The event, entitled ‘2050: Will Jersey Have Talent’ and sponsored by law firm Carey Olsen, sought to assess the measures available to Jersey’s government to maintain high quality education and standards against the backdrop of an aging population and funding challenges, looking in particular at population, skills, education and digital potential.
The Debate explored skills shortages now and in the future, the opportunity for Jersey to have its own curriculum, the potential of a Jersey University, developments in Jersey’s digital sector, teachers’ value and pay, immigration, how attractive Jersey is for young people and also diversification of the economy. The debate panel represented the corporate, digital, union, teachers and government sectors and included: Louise Bracken-Smith, CEO and Co-Founder of Fairway Group, Brendan Carolan, Head of Social Science for Victoria College and President of the Jersey National Education Union, Daniel Rowles, CEO of Target Internet and Lecturer at Imperial College & Cranfield School of Management, Rory Steel, Head of Digital Jersey Academy and Senator Tracey Vallois, Minister for Education.

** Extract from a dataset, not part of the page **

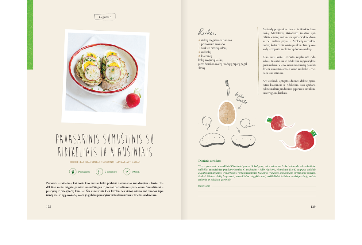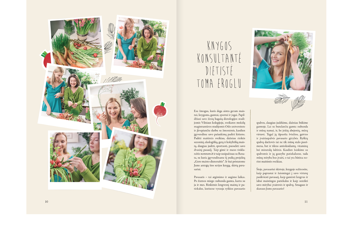 „The book should be appealing to those who are looking for a healthy way to eat in spring. There are loads of seasonal recipes with different sprouts, edible nettles, spring radish, asparagus and rhubarb. A lot of attention is dedicated to healthy Easter dishes like easy eggs and meat courses, festive sweets without flour and sugar.”

The event brought together over 400 business leaders, politicians, teachers and students to debate the topic. The new format, which saw broadcaster Alastair Stewart OBE question the panel on stage whilst ITV anchor Jess Dunsdon engaged the audience in each topic and challenged their views, created a lively atmosphere. Technological input with the use of Polling Platform Sli.do enabled the audience to be surveyed throughout the event, with some interesting results:
- 247 members of the audience took part in the polls
- ‘Will Jersey have the talent it needs by 2015?’ – Yes (15%), No (15%), Yes – but only for some industries (40%), No – not enough to compete globally (30%)
- ‘What Skills are lacking in Jersey’ – popular answers included ‘soft skills’, ‘problem solving’, ‘innovation’, ‘resilience’, ‘analytical’, ‘trades’, ‘coding’ and ‘creative thinking’.
- Are our teachers paid enough? Yes (52%), No (48%)
- Would you pay higher taxes so that our teachers could be paid more? Yes (38%), No (62%)
- What subjects or activities would you drop from schools to make way for new areas of learning? Most popular answers were ‘Media Studies’, ‘Music’ and ‘Business Studies’.
Tim Arthur, Former Creative Director at Virgin Money and Global CEO of Time Out, flew over for the event to deliver an innovative and captivating keynote speech. He talked to the audience about technological developments such as Moodies, Deep Fakes and Braindecoding. He eloquently spoke about the inevitability of change, the need for creativity and authentic purpose and the need for agility and evolution in business.
Commenting on this year’s Debate, IoD Jersey Chair Lisa Springate, said: ‘It is imperative that the Island considers the best way to develop the skills needed not just for next year but for many years ahead. Furthermore, that we start preparing schools and businesses from all industries on what might be in store. The IoD Debate 2019 took on some hard hitting and emotive topics and the engagement in the room was highly refreshing.
My sincere thanks to our panel, Tim Arthur, Alastair Stewart OBE, Jess Dunsdon, and our sponsors Carey Olsen, KPMG in the Channel Islands and HSBC. Without them, we couldn’t have put on an event of this magnitude and I am very grateful for all their support. As a committee, we are committed to continuing to be innovative and agile to ensure we bring many more events to our members that help them prosper and plan effectively for the future.’